Aim of the task> In the entries below, find the line with "Nike jersey with" and the line with "自治区教育厅近日公布2023". Repeat exactly everything between them, those two lines included, but not the pictures.

BEGIN Excerpted records

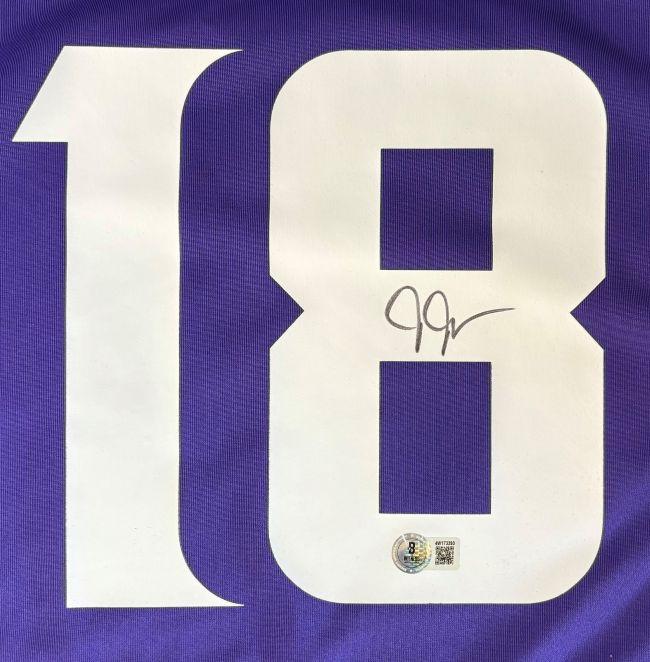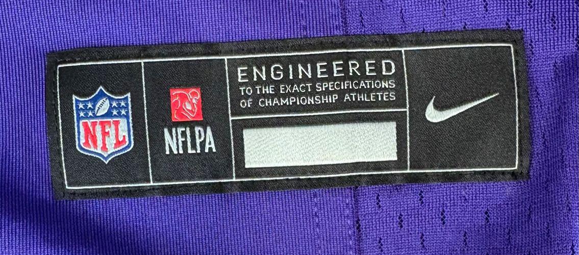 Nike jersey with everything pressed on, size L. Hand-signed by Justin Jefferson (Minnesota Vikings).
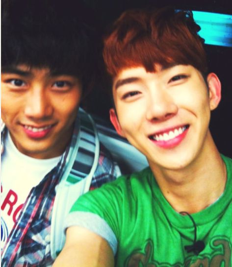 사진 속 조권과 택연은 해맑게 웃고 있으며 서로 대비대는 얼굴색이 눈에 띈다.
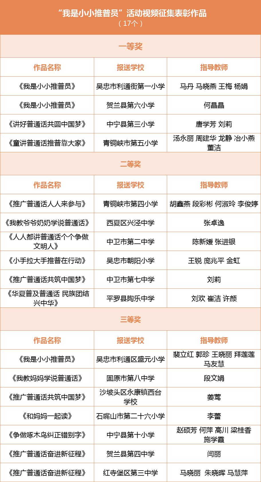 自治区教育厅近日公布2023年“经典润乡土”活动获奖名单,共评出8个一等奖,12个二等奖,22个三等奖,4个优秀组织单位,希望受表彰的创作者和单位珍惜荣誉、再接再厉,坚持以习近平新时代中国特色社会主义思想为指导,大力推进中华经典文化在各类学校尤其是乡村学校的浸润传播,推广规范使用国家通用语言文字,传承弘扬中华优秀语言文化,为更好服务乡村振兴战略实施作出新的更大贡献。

END Excerpted records
BEGIN Excerpted records

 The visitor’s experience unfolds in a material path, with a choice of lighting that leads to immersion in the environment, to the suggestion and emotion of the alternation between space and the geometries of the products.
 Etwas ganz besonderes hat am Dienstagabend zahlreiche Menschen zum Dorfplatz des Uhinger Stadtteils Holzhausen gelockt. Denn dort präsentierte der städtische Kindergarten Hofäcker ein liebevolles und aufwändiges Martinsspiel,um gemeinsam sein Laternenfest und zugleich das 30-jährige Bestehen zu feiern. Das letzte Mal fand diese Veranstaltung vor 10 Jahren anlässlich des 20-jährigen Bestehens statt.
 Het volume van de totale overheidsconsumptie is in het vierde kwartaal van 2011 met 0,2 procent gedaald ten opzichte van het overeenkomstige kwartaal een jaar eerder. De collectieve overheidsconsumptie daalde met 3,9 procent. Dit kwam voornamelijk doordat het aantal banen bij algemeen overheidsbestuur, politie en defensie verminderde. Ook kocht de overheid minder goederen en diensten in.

END Excerpted records

Finished exercise>
 Nike jersey with everything pressed on, size L. Hand-signed by Justin Jefferson (Minnesota Vikings).
 사진 속 조권과 택연은 해맑게 웃고 있으며 서로 대비대는 얼굴색이 눈에 띈다.
 自治区教育厅近日公布2023年“经典润乡土”活动获奖名单,共评出8个一等奖,12个二等奖,22个三等奖,4个优秀组织单位,希望受表彰的创作者和单位珍惜荣誉、再接再厉,坚持以习近平新时代中国特色社会主义思想为指导,大力推进中华经典文化在各类学校尤其是乡村学校的浸润传播,推广规范使用国家通用语言文字,传承弘扬中华优秀语言文化,为更好服务乡村振兴战略实施作出新的更大贡献。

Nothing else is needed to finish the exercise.